Absorption Performance and Mechanism of CO2 in Aqueous Solutions of Amine-Based Ionic Liquids

Several amine-based ionic liquids (ILs) were synthesized via a one-step method using low-priced organic amines and inorganic acids, and they were mixed with water to form new CO2 absorbents. The effects of the ionic structure, IL concentration, temperature, and pressure on the CO2 absorption performance were investigated. The absorption performance of ILs was closely related to the ionic structure, and the CO2 molar absorption capacity in ILs with the same cation followed the order of [NO3] > [BF4] > [SO4] or [HSO4], whereas that with the same anion ranked in the following order: multiple amine > diamine > monoamine.
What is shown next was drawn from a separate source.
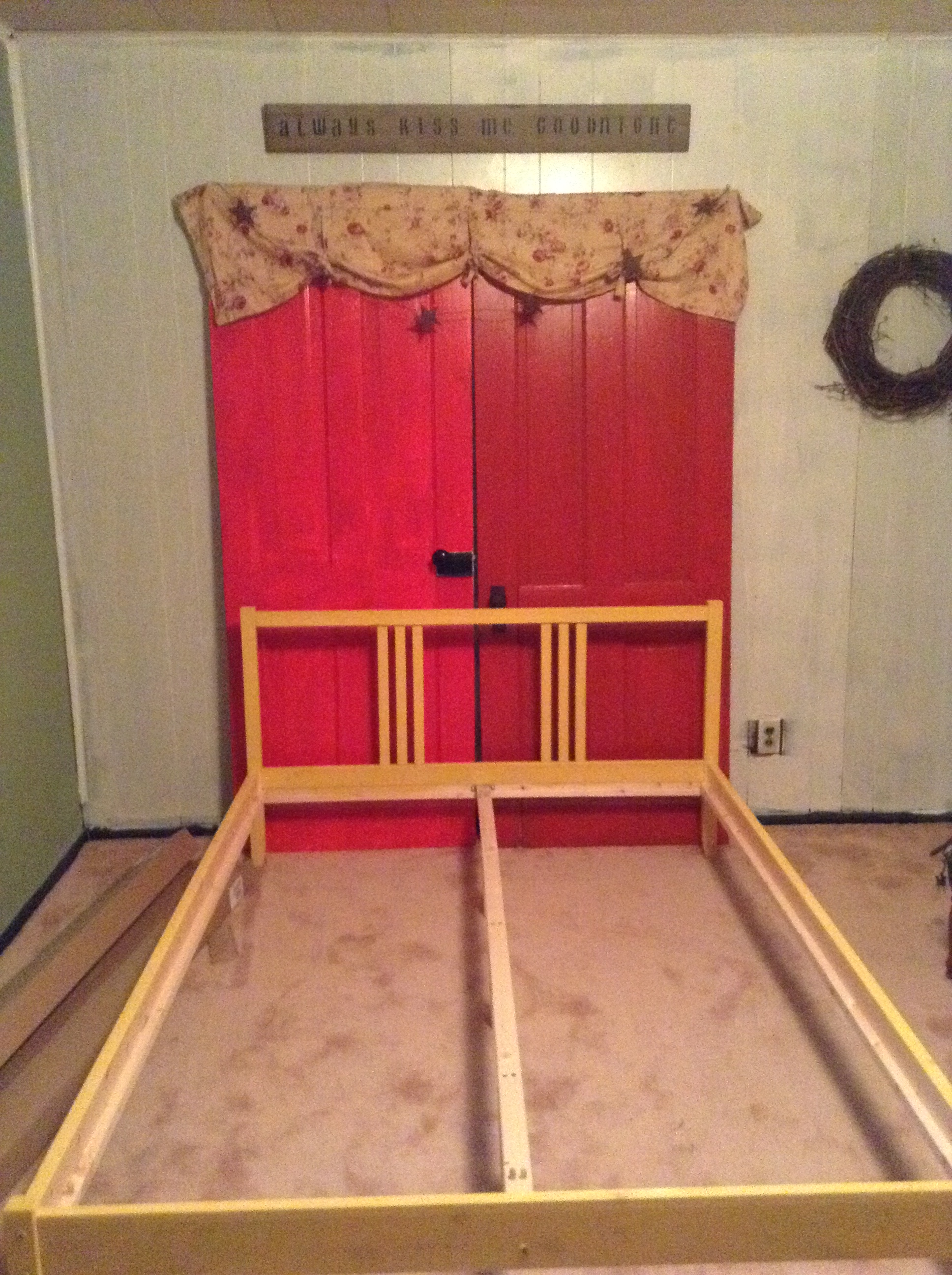 The doors were different sizes so I attached a valance with a pattern I love to the top to cover the edges.  A string of metal stars and a sign that reads, “Always kiss me goodnight” sets the scene for sweet dreams.
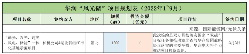 截至2022年9月30日,華潤(rùn)共簽約(規(guī)劃)1個(gè)風(fēng)光儲(chǔ)項(xiàng)目,項(xiàng)目規(guī)模1.2GW。

The IL [TETA][NO3] with 40 wt % concentration showed the best capacity for CO2 absorption. Moreover, low temperature and high pressure favored CO2 absorption. The reaction mechanism of the amine group with CO2 in aqueous solutions of [TETA][NO3], primary amine, and secondary amine was studied via in situ infrared (IR) spectrophotometry. The results showed that the primary and secondary amines first reacted with CO2 to form carbamate, which decomposed further into bicarbonate with the continuous addition of CO2. However, carbamate generated from the reaction of [TETA][NO3] with CO2 did not decompose further.